In graph theory terms, for every node i, we must find any farthest node from i.

The constraints are important:

  • n can be as large as 100,000.
  • The graph is guaranteed to be a valid tree.
  • Running a traversal from every node would be far too expensive.

The problem therefore requires a near-linear solution.

Important edge cases include very small trees, long chain-shaped trees, star-shaped trees, and trees with multiple farthest nodes at the same distance. The statement explicitly allows returning any valid farthest node when multiple answers exist.

Approaches

Brute Force

The most direct approach is to treat every node as a starting node.

For each node i:

  1. Run BFS or DFS from i.
  2. Compute distances to all other nodes.
  3. Find a node with maximum distance.
  4. Store that node as the answer for i.

This is correct because BFS on an unweighted tree computes shortest path distances exactly, and the last marked node is simply the node with maximum distance from the starting node.

However, this approach requires traversing the entire tree for every starting node.

With n = 100,000, this becomes completely infeasible.

Key Insight

The last marked node from a starting node u is a farthest node from u.

A classical property of trees states:

Let A and B be the two endpoints of a diameter of the tree. For every node u, at least one of A or B is a farthest node from u.

This is an extremely powerful result.

Once we know the diameter endpoints:

  • Compute distance from every node to A.
  • Compute distance from every node to B.

Then for any node u:

  • If dist(u, A) >= dist(u, B), we can return A.
  • Otherwise return B.

Since one of the diameter endpoints is always a farthest node, this gives a correct answer for every node.

The entire problem therefore reduces to:

  1. Find one diameter endpoint.
  2. Find the opposite diameter endpoint.
  3. Compute distances from both endpoints.
  4. Choose the farther endpoint for every node.

Approach Comparison

Approach Time Complexity Space Complexity Notes
Brute Force O(n²) O(n) BFS/DFS from every node
Optimal O(n) O(n) Uses diameter endpoints and two distance arrays

Algorithm Walkthrough

1. Build the adjacency list

Convert the edge list into an adjacency list representation.

Since the graph is a tree, this allows efficient traversal in O(n) time.

2. Find one endpoint of the diameter

Pick any node, for example node 0.

Run DFS (or BFS) to compute distances from node 0.
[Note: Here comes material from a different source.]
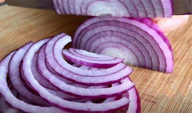 5.冷藏一夜的洋蔥我們把它切成洋蔥圈,洋蔥經過冷藏,切的時候就不會辣眼睛了,切好放入盤中備用。

The farthest node found is guaranteed to be one endpoint of a diameter. Call it A.

3. Find the opposite endpoint

Run another DFS starting from A.

The farthest node reached from A is the other diameter endpoint. Call it B.

While performing this traversal, store all distances from A.

4. Compute distances from the second endpoint

Run a third DFS starting from B.

Store all distances from B.

Now we have:

  • distA[u] = dist(A, u)
  • distB[u] = dist(B, u)

for every node u.

5. Determine the answer for every node

For each node u:

  • If distA[u] >= distB[u], return A.
  • Otherwise return B.

This works because one of the diameter endpoints is always a farthest node from u.

Why it works

Let A and B be diameter endpoints.

A standard tree property states that for any node u, the maximum distance from u to any node in the tree equals:

$$\max(dist(u,A), dist(u,B))$$

Therefore, at least one of A or B is a farthest node from u.

The algorithm explicitly computes both distances and chooses the farther endpoint. Consequently, the returned node is always a valid farthest node, which is exactly the node marked last when the marking process starts from u.

Python Solution

from typing import List

class Solution:
    def lastMarkedNodes(self, edges: List[List[int]]) -> List[int]:
        n = len(edges) + 1

        graph = [[] for _ in range(n)]
        for u, v in edges:
            graph[u].append(v)
            graph[v].append(u)

        def get_distances(start: int) -> List[int]:
            dist = [-1] * n
            dist[start] = 0

            stack = [start]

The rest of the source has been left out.